■ **WORK REQUEST**
Extract, exactly and without pictures, every line from the one that includes "Артикул: 5041/60L; 0046975;" through the final line of the material below.
=== Begin Enclosure ===
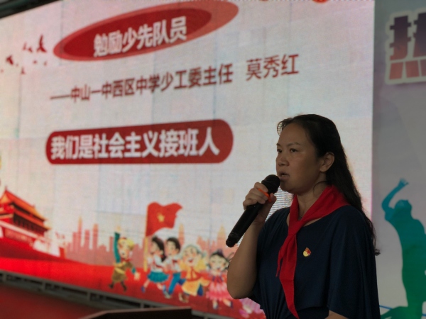 为达到“节俭、隆重、热烈”庆祝少先队建队70周年的目标,让全校师生更好地感受中国共产党及少先队70年来的奋斗历程,教育引导广大少先队员听党的话、跟党走,用实际行动把红色基因一代代传下去,增强少先队员的光荣感及国家和民族自豪感,展现集团化办学背景下的中山一中西区中学的良好精神风貌,进一步打造“志存高远、和谐发展”的校园文化氛围。10月8日上午,李媚娟老师主持了中山一中西区中学庆祝中国少年先锋队建队70周年启动仪式。
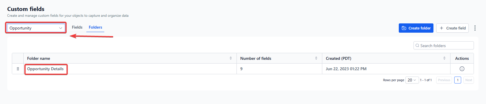 - Categorize and group your custom fields for opportunities into custom folders, just like in the contacts area. To accomplish this select the “Add Folder” folder button and ensure the object is set to Opportunity and save it to use the custom folder in Opportunities.
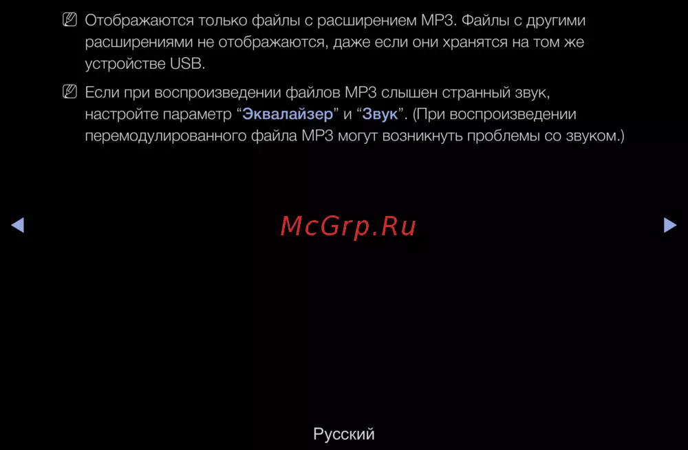 Отображаются только файлы с расширением MP3. Файлы с другими
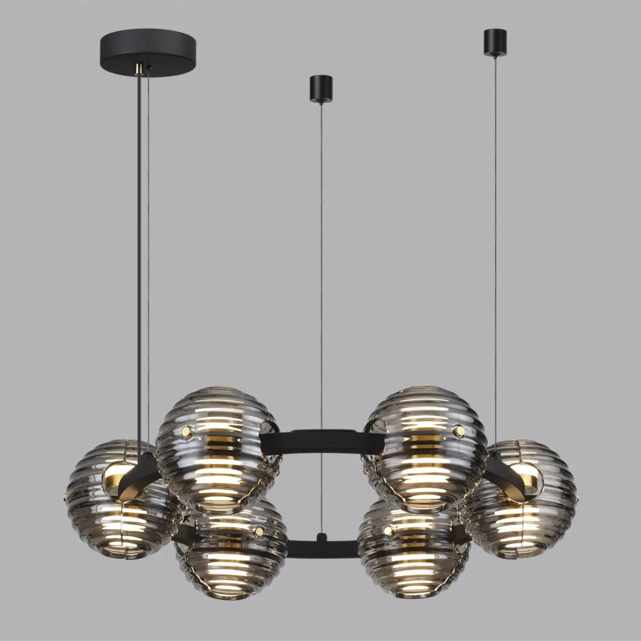 Артикул: 5041/60L; 0046975; Бренд: Odeon Light; Коллекция: L-VISION; Линия: TRONI; Стиль: Modern; Назначение: Люстра; место размещения: в гостиную; на спальню; Тип крепления: планка; Степень защиты: IP20; Площадь освещения, м2: 28; Напряжение питания, V: 220; Класс защиты: I; Класс электро-безопасности: I; Температурный режим: 0-(+40); Тип ламп: светодиодная (LED); Тип цоколя: LED; Мощность ламп, W: 60; Напряжение лампы, V: 220V; Световой поток, Lm: 6086; Цветовая температура, K: 4000; Цвет LED: дневной свет; Материал каркаса: металл, Металл; Материал плафона: стекло, Стекло; Поверхность каркаса: матовый; Поверхность плафона: глянцевый; Цвет: черн./золото/дымчатый; Цвет каркаса: черный, Черный, Чёрный, чёрный; Цвет плафона: черный, Черный, чёрный; Гарантия, мес: 30; Ширина, мм: 630; высота: 1300; Диаметр, мм: 630; Вес, кг: 8,200; Вес упаковки, кг: 19.22; Длина упаковки, см: 78; Ширина упаковки, см: 78; Высота упаковки, см: 23; Объем упаковки, м3: 0,13993; Штрихкод: 4690344139526
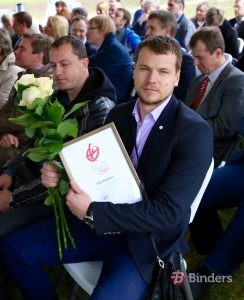 Attēlā pa labi: CBF SIA ‘Binders” Būvniecības departamenta direktors Ingus Pētersons pēc balvas saņemšanas
=== End Enclosure ===
■ **ANSWER TO THIS EXERCISE**
 Артикул: 5041/60L; 0046975; Бренд: Odeon Light; Коллекция: L-VISION; Линия: TRONI; Стиль: Modern; Назначение: Люстра; место размещения: в гостиную; на спальню; Тип крепления: планка; Степень защиты: IP20; Площадь освещения, м2: 28; Напряжение питания, V: 220; Класс защиты: I; Класс электро-безопасности: I; Температурный режим: 0-(+40); Тип ламп: светодиодная (LED); Тип цоколя: LED; Мощность ламп, W: 60; Напряжение лампы, V: 220V; Световой поток, Lm: 6086; Цветовая температура, K: 4000; Цвет LED: дневной свет; Материал каркаса: металл, Металл; Материал плафона: стекло, Стекло; Поверхность каркаса: матовый; Поверхность плафона: глянцевый; Цвет: черн./золото/дымчатый; Цвет каркаса: черный, Черный, Чёрный, чёрный; Цвет плафона: черный, Черный, чёрный; Гарантия, мес: 30; Ширина, мм: 630; высота: 1300; Диаметр, мм: 630; Вес, кг: 8,200; Вес упаковки, кг: 19.22; Длина упаковки, см: 78; Ширина упаковки, см: 78; Высота упаковки, см: 23; Объем упаковки, м3: 0,13993; Штрихкод: 4690344139526
 Attēlā pa labi: CBF SIA ‘Binders” Būvniecības departamenta direktors Ingus Pētersons pēc balvas saņemšanas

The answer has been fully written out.